_What this task involves_. Write out the whole listing exactly; no images belong in it.

_Supplied information_.

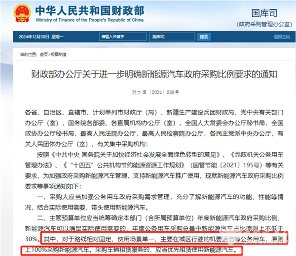 2024年12月30日,财政部办公厅发布关于进一步明确新能源汽车政府采购比例要求的通知(下简称《通知》),对公务用车采购总量中新能源汽车的占比进行了明确规定。
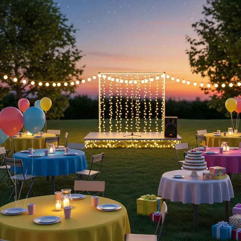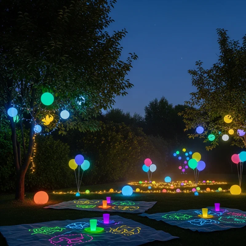As darkness falls, watch your party transform into a glowing wonderland that turns night into the main attraction! Start the party at dusk, providing glow sticks, LED accessories, and neon face paint as guests arrive. Set up black lights around your space to make white and neon colors pop dramatically. Create glowing drinks using tonic water that naturally fluoresces under black light. Organize glow-in-the-dark games like ring toss with glowing rings, volleyball with a light-up ball, or hide-and-seek with glowing wristbands. Decorate with glow-in-the-dark stars, paint regular items with phosphorescent paint, and hang glowing orbs from trees. The transition from daylight to darkness builds anticipation, and the glowing elements create an otherworldly atmosphere that feels like celebrating in space or underwater.
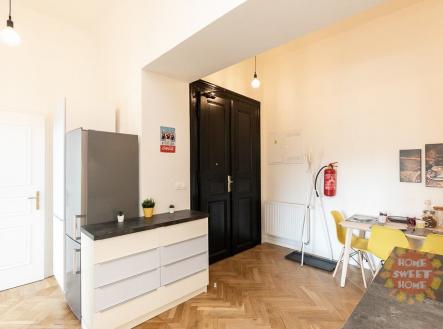 Krásný, zařízený pokoj 11m² se společnou, zařízenou kuchyní s jídelním koutem, koupelny se sprchou a toaletou se nachází v Residenci Kinských ve 2. patře cihlového domu v ulici nám.Kinských, Praha 5. Dům prošel kompletní rekonstrukcí roku 2019. Pokoj i byt je kompletně zařízený, včetně žehličky, prkna a vybavení na úklid. Nachází se ve 4 pokojovém bytě s 2 koupelnami. Byt i pokoj je kompletně zařízený. Společné prostory jsou vybaveny včetně žehličky, úklidových pomůcek a dalších potřeb pro běžný provoz. Samotný uzamykatelný pokoj je vybavený patrem na spaní, pracovním stolem, šatní skříní, přikrývkou a polštářem. Internet a úklid společných prostor (1× týdně) jsou již zahrnuty v ceně nájmu. Nájemníkům je dále k dispozici fitness, prádelna (na mince) a společná terasa. Rezidence se nachází ve velmi oblíbené lokalitě v těsné blízkosti centra města, nedaleko zahrady Kinských a parku Petřín. V okolí je vynikající občanská vybavenost – obchodní centrum Anděl, Cinema City Nový Smíchov, školy, restaurace, bary a mnoho dalšího. Rovněž dopravní dostupnost je výborná: tramvajová zastávka Újezd (200 m), metro Anděl (10 minut chůze) nebo vlakové nádraží Praha–Smíchov (5 zastávek tramvají). K dispozici je více pokojů k pronájmu. Bydlení je vhodné především pro studenty na střednědobý pronájem. Pokoje je dostupný od 12.února 2026.

_Reply to the task_.
 2024年12月30日,财政部办公厅发布关于进一步明确新能源汽车政府采购比例要求的通知(下简称《通知》),对公务用车采购总量中新能源汽车的占比进行了明确规定。
As darkness falls, watch your party transform into a glowing wonderland that turns night into the main attraction! Start the party at dusk, providing glow sticks, LED accessories, and neon face paint as guests arrive. Set up black lights around your space to make white and neon colors pop dramatically. Create glowing drinks using tonic water that naturally fluoresces under black light. Organize glow-in-the-dark games like ring toss with glowing rings, volleyball with a light-up ball, or hide-and-seek with glowing wristbands. Decorate with glow-in-the-dark stars, paint regular items with phosphorescent paint, and hang glowing orbs from trees. The transition from daylight to darkness builds anticipation, and the glowing elements create an otherworldly atmosphere that feels like celebrating in space or underwater.
 Krásný, zařízený pokoj 11m² se společnou, zařízenou kuchyní s jídelním koutem, koupelny se sprchou a toaletou se nachází v Residenci Kinských ve 2. patře cihlového domu v ulici nám.Kinských, Praha 5. Dům prošel kompletní rekonstrukcí roku 2019. Pokoj i byt je kompletně zařízený, včetně žehličky, prkna a vybavení na úklid. Nachází se ve 4 pokojovém bytě s 2 koupelnami. Byt i pokoj je kompletně zařízený. Společné prostory jsou vybaveny včetně žehličky, úklidových pomůcek a dalších potřeb pro běžný provoz. Samotný uzamykatelný pokoj je vybavený patrem na spaní, pracovním stolem, šatní skříní, přikrývkou a polštářem. Internet a úklid společných prostor (1× týdně) jsou již zahrnuty v ceně nájmu. Nájemníkům je dále k dispozici fitness, prádelna (na mince) a společná terasa. Rezidence se nachází ve velmi oblíbené lokalitě v těsné blízkosti centra města, nedaleko zahrady Kinských a parku Petřín. V okolí je vynikající občanská vybavenost – obchodní centrum Anděl, Cinema City Nový Smíchov, školy, restaurace, bary a mnoho dalšího. Rovněž dopravní dostupnost je výborná: tramvajová zastávka Újezd (200 m), metro Anděl (10 minut chůze) nebo vlakové nádraží Praha–Smíchov (5 zastávek tramvají). K dispozici je více pokojů k pronájmu. Bydlení je vhodné především pro studenty na střednědobý pronájem. Pokoje je dostupný od 12.února 2026.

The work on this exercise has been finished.